※本稿は、鈴木敏文『鈴木敏文のCX入門』(プレジデント社)の一部を再編集したものです。
「モノは所有」「コトはサービス」ではない
よく、「モノからコトへ」の変化が話題になるとき、こんな説明がされることがあります。
しかし、これは、コトの意味合いを狭くとらえているように思えます。
わたしは、長年、セブン&アイ・ホールディングスという流通企業の経営に携わってきました。その間、わたしがよく使ったのは、次のような表現でした。「単にモノを売るのではなく、モノをとおして、お客様に満足していただけるようなコトを提供する」
コトとは、モノ(商品)がお客様にとって、そのとき、その場で、どのような意味をもつかという関係性のことであると、わたしは考えます。
「コト消費」は、心理的・感情的な価値である
商品には、もともと、モノ的な価値とコト的な価値があります。モノ的な価値とは、そこにヒト(買い手)がいようといまいと、モノそのものがもっている価値のことをいいます。服でいえば、デザイン、色や柄、素材、丈夫さや体温保持といった機能、性能などの客観的な価値を意味します。

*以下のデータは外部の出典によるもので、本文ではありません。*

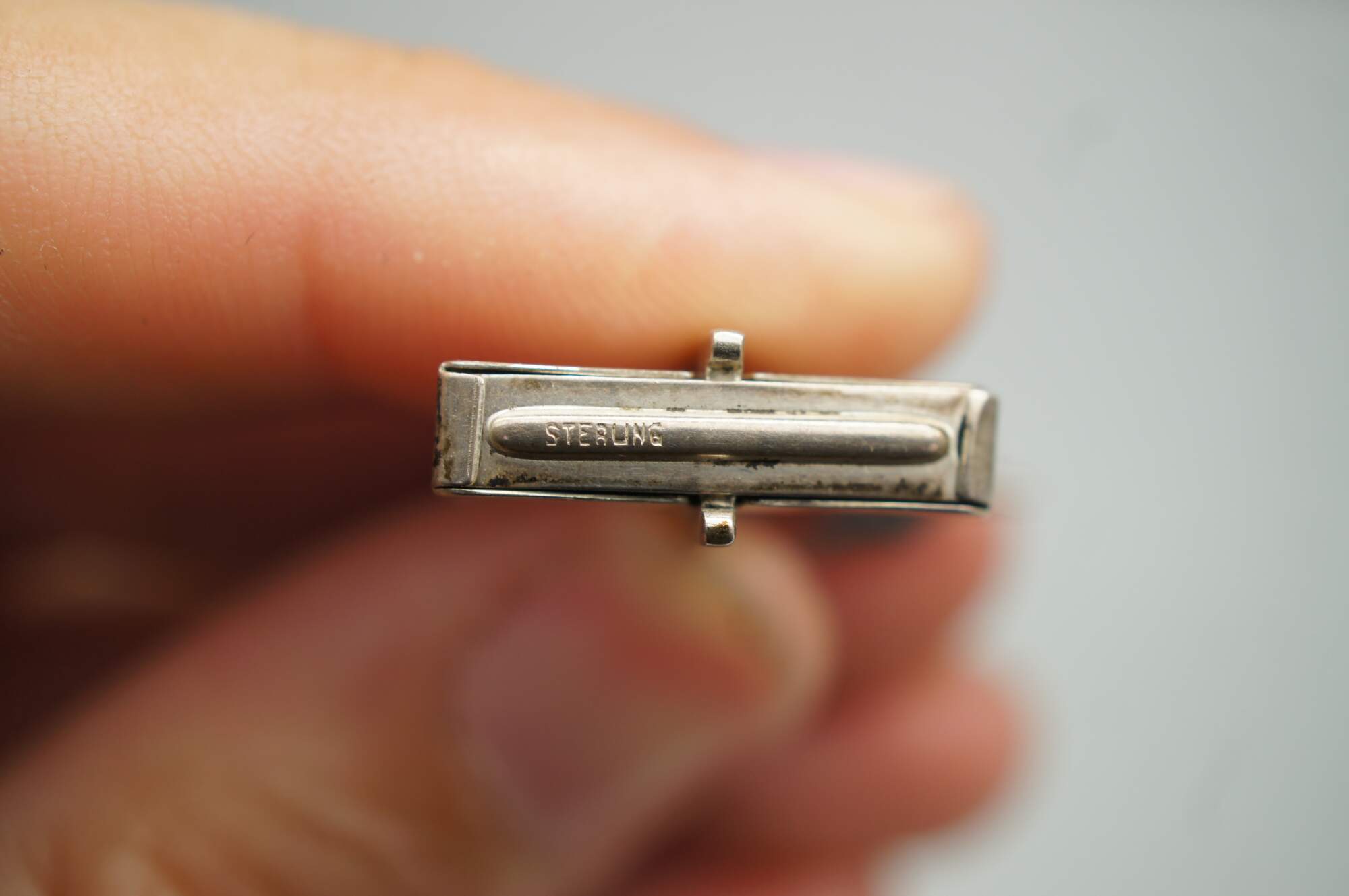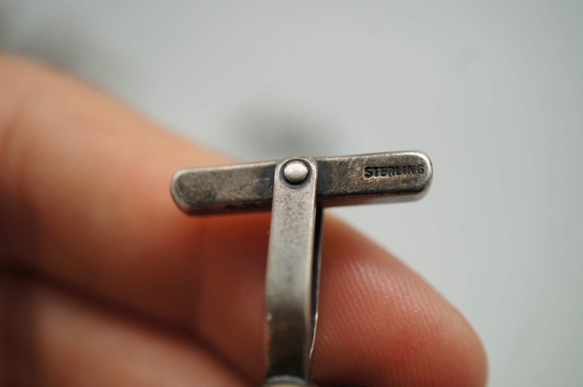 Lot of 5 pairs of vintage sterling silver cufflinks, primarily featuring Southwest or Mexican styling. Lot includes: smiling suns by Hogan Bolas; diamonds inlaid with turquoise / enamel; roadrunners with inlaid turquoise / enamel; cowboy / Stetson hats; and elves / sprites.

一方、コト的な価値とは、モノとヒトとの間で、買い手がそのとき、その場でのモノとの関係性に対して感じる主観的な価値です。服でいえば、目で見ても、試着しても、何も感じるものがなければ、何も関係性は生まれません。その服に、どこか共感・共鳴・共振するところがあり、試着してみてワクワク感を感じたり、購入して着用し、心の高揚感を感じれば、関係性が生まれます。
たとえば、セブン&アイグループのPB(プライベートブランド)商品のセブンプレミアム。女性のお客様の中には、週末、一週間頑張った自分へのごほうびに購入するという「ごほうび消費」をされる方がいるそうです。これなどは、まさに、コト消費といえます。
モノ的な価値が物質的・物理的な価値であるのに対し、コト的な価値は心理的・感情的な価値と表現することができるでしょう。